-- TASK TO CARRY OUT --
In the entries below, which lines run from the one with "Segni particolari: Alessandro" through the one with "海外升学专题分享会在逸夫楼第"? Repeat exactly those, both included, and no pictures.

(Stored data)
*** Block opens ***

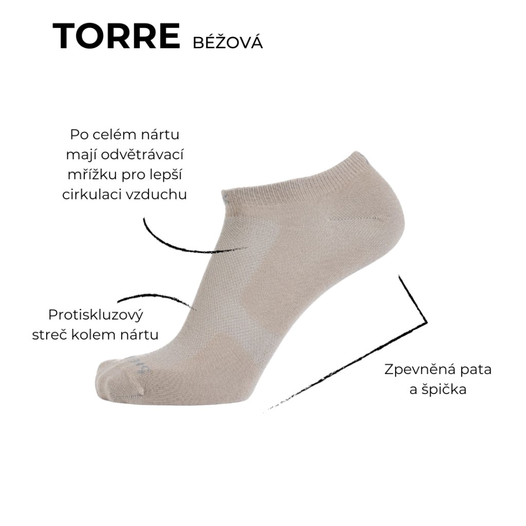 Nízké podkotníkové ponožky TORRE jsou velmi tenké a lehké, takže téměř necítíš, že je máš na sobě. Díky protiskluzovému streči kolem nártu perfektně drží na noze a nesjíždějí ani při pohybu.
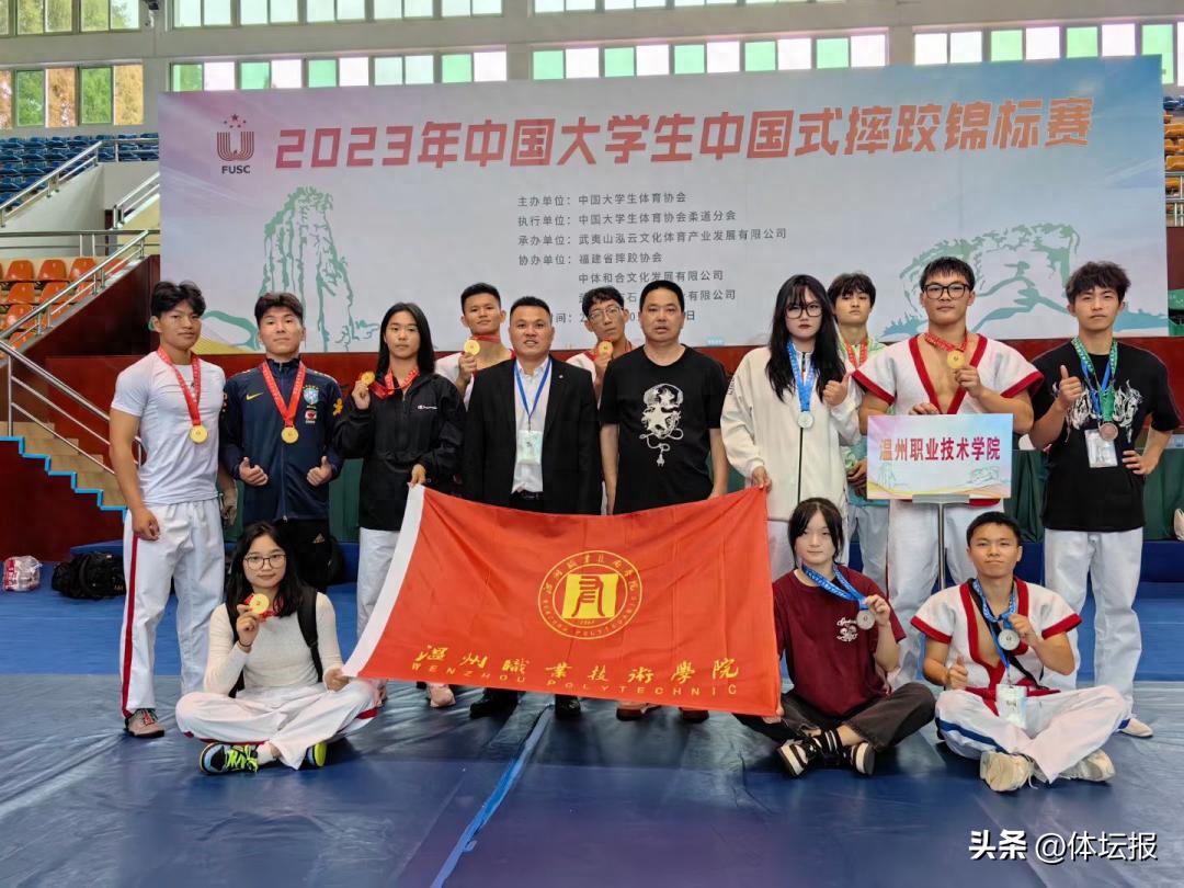10月18日—20日,2023年中國大學生中國式摔跤錦標賽在福建武夷山舉行,本次比賽共有全國45所高校約400名運動員同臺角力。我省有兩支高校隊伍參賽,其中溫州職業技術學院取得8金3銀1銅,金牌數僅次於武漢體育學院的9枚金牌。
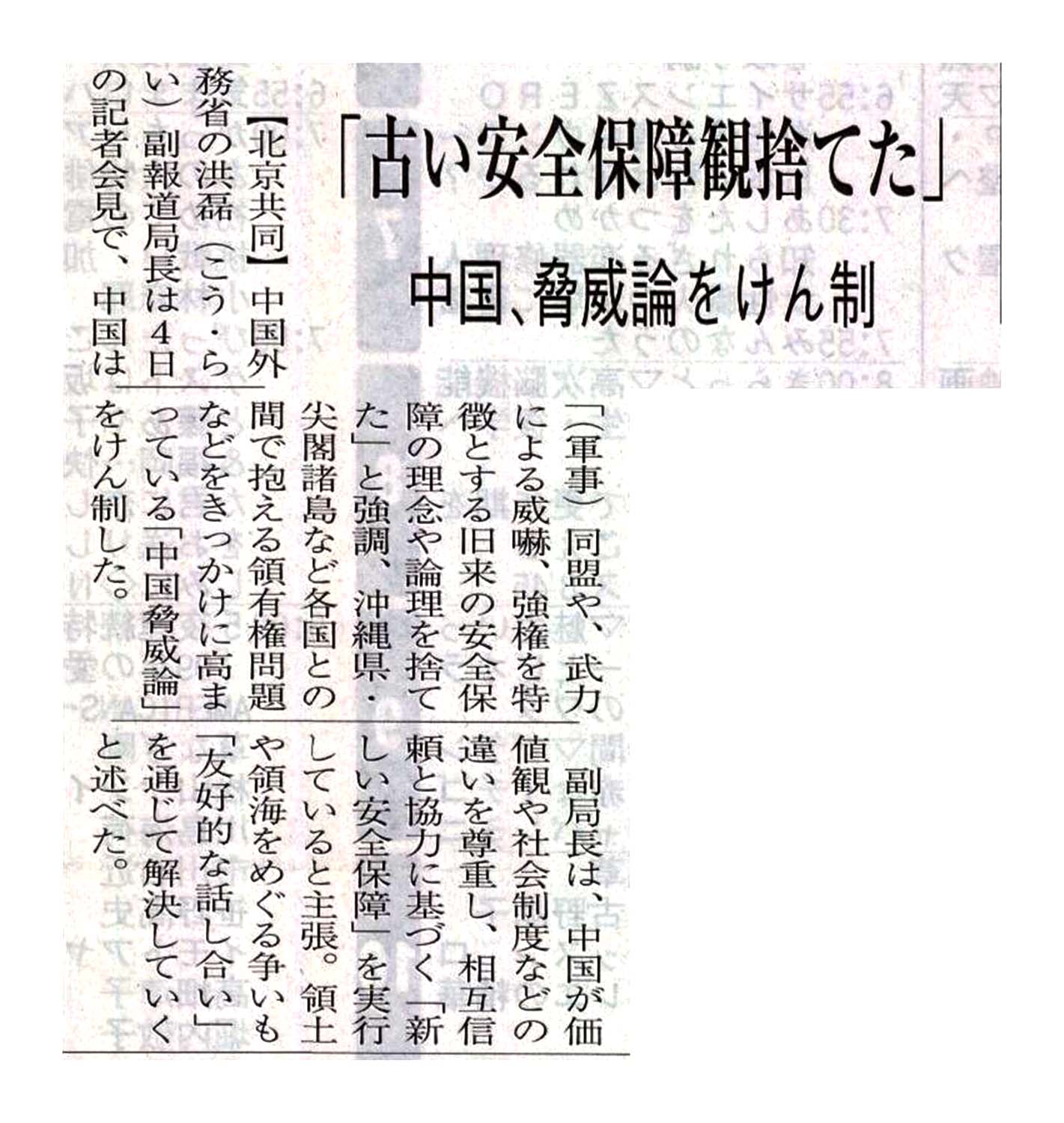 「古い安全保障観捨てた」中国、脅威論をけん制
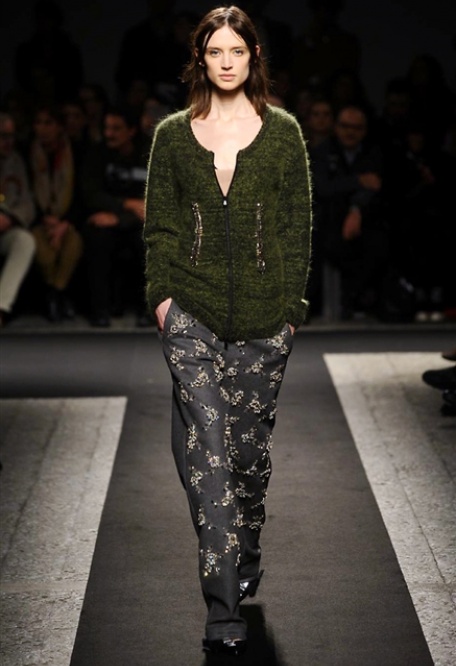 Segni particolari: Alessandro Dell’Acqua propone a Milano Fashion Week, una collezione dominata dal contrasto e dal mix and match. Si può essere austeri a meta’ e romantici dall’altra parte con le stampe flowers; si può essere impenetrabili con spessi maglioncini a coste ma nel contempo mostrare una sensuale trasparenza in svolazzante chiffon. Il segreto sta anche nel portare tutto un po’ over, di sovrapporre texture diverse, sperimentare con le forme e dimenticare le sovrastrutture della silhouette femminile per come la conosciamo. N.21 esplora un diverso tipo di sensualità’, quella più bohémienne e libera, che celebra il lato maschile di ogni donna.
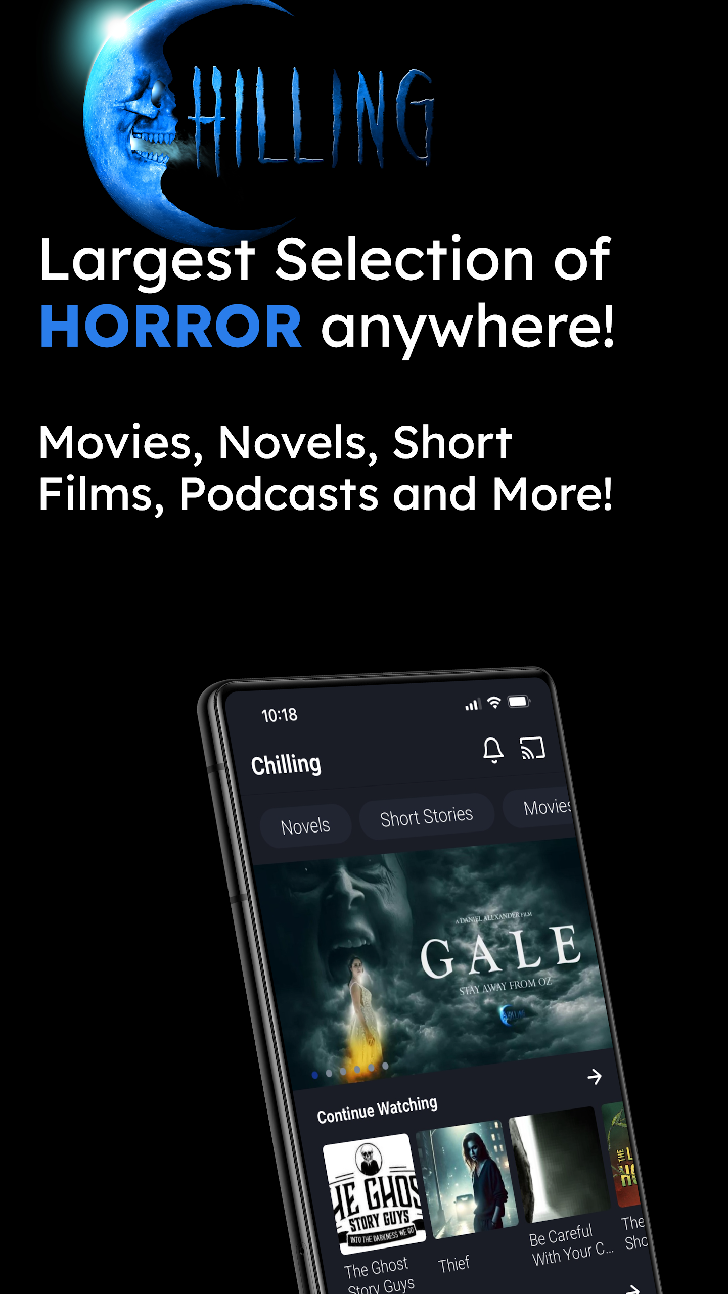 Chilling features a vast library of horror movies and original audio content. You’ll find everything from classic horror films to independent creations, true crime stories, and exclusive narrated horror stories. Our content is updated regularly to ensure you always have something new to watch or listen to.
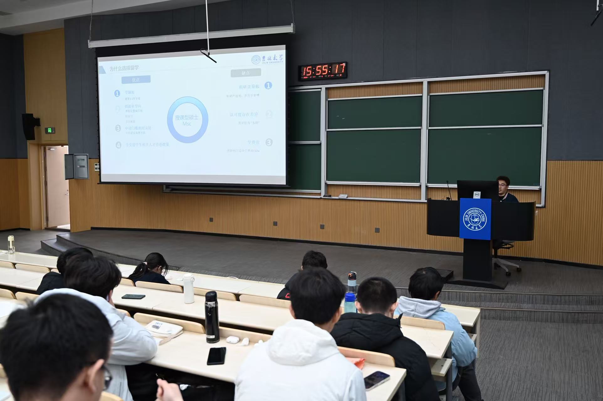 海外升学专题分享会在逸夫楼第十阶梯教室顺利举办。本次活动特邀海研计划刘伟老师、毕业后在海外名校深造的优秀学长与即将留学的在校生分享交流,为同学们带来全面实用的海外升学指导。
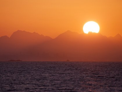 Our passage through the Georgia Strait and into Canada has been a good introduction to the welcoming nature of these beautiful fjords. Just as the pink moon set, the sun rose, bathing the National Geographic Sea Bird in golden light. This protected stretch of ocean isn’t just calm, it’s like floating across a mirror.
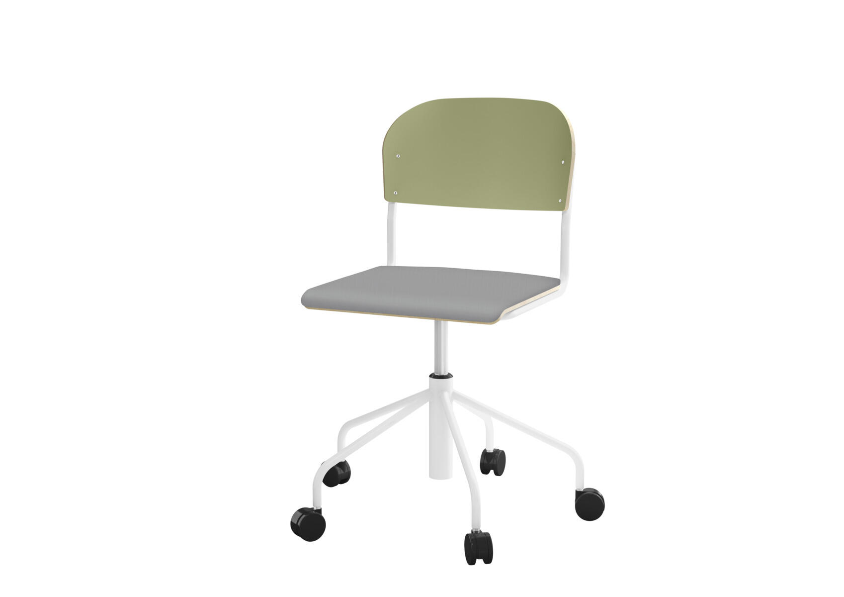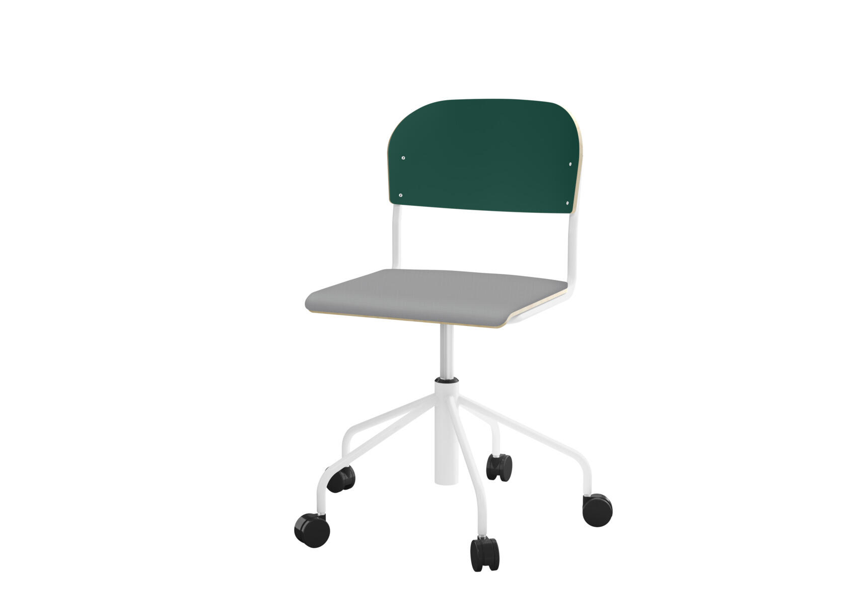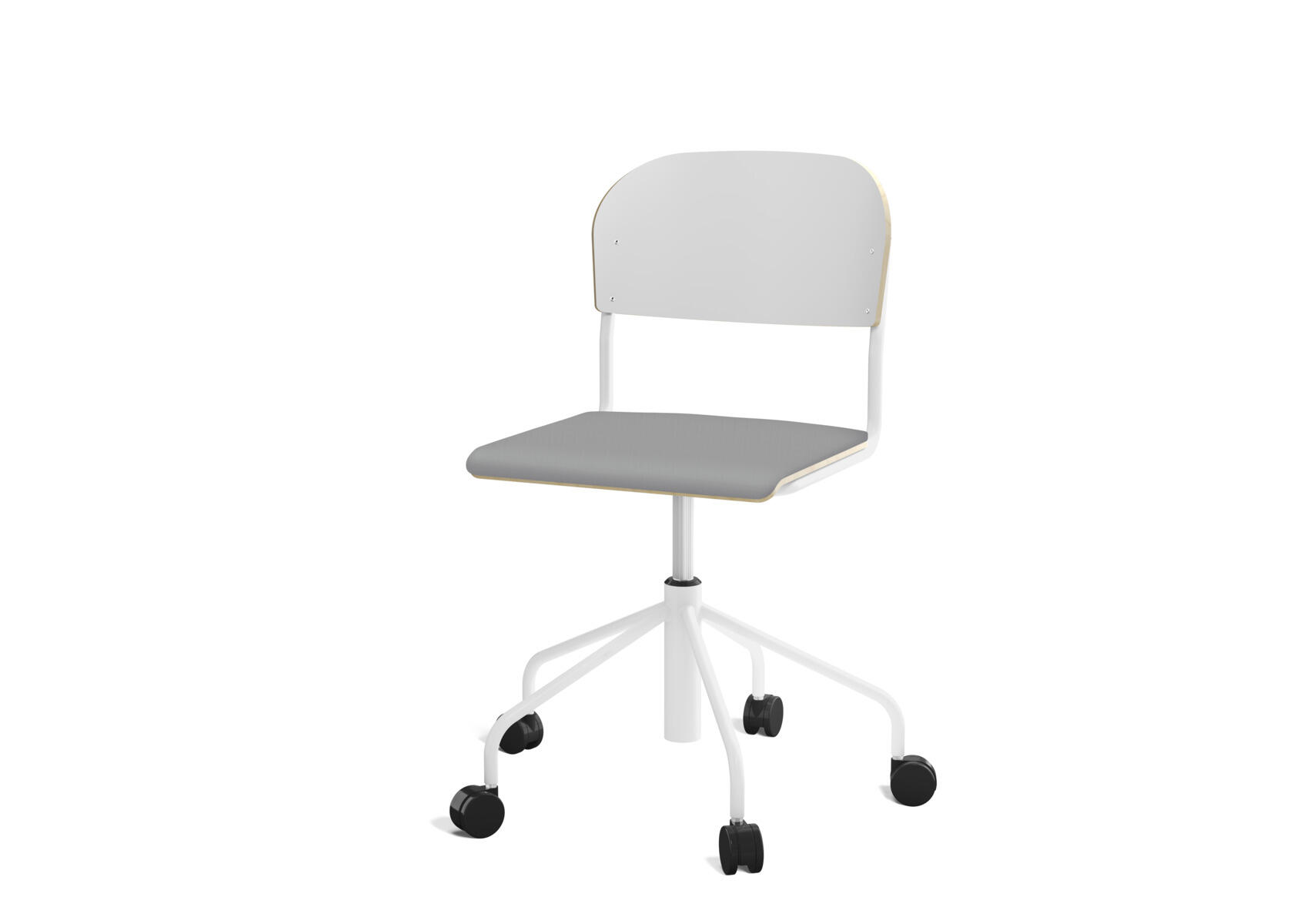 Elevstol med høyt 5-kryss stativ på hjul lakkert i RAL 9003. Setehøyden justeres med gassfjær i intervallene 45-56. Som et tilvalg kan du få setet trukket i stoffet Xtreme Padang YS 145 som er laget av 100% polyester.

*** Block closes ***

-- ANSWER SECTION --
 Segni particolari: Alessandro Dell’Acqua propone a Milano Fashion Week, una collezione dominata dal contrasto e dal mix and match. Si può essere austeri a meta’ e romantici dall’altra parte con le stampe flowers; si può essere impenetrabili con spessi maglioncini a coste ma nel contempo mostrare una sensuale trasparenza in svolazzante chiffon. Il segreto sta anche nel portare tutto un po’ over, di sovrapporre texture diverse, sperimentare con le forme e dimenticare le sovrastrutture della silhouette femminile per come la conosciamo. N.21 esplora un diverso tipo di sensualità’, quella più bohémienne e libera, che celebra il lato maschile di ogni donna.
 Chilling features a vast library of horror movies and original audio content. You’ll find everything from classic horror films to independent creations, true crime stories, and exclusive narrated horror stories. Our content is updated regularly to ensure you always have something new to watch or listen to.
 海外升学专题分享会在逸夫楼第十阶梯教室顺利举办。本次活动特邀海研计划刘伟老师、毕业后在海外名校深造的优秀学长与即将留学的在校生分享交流,为同学们带来全面实用的海外升学指导。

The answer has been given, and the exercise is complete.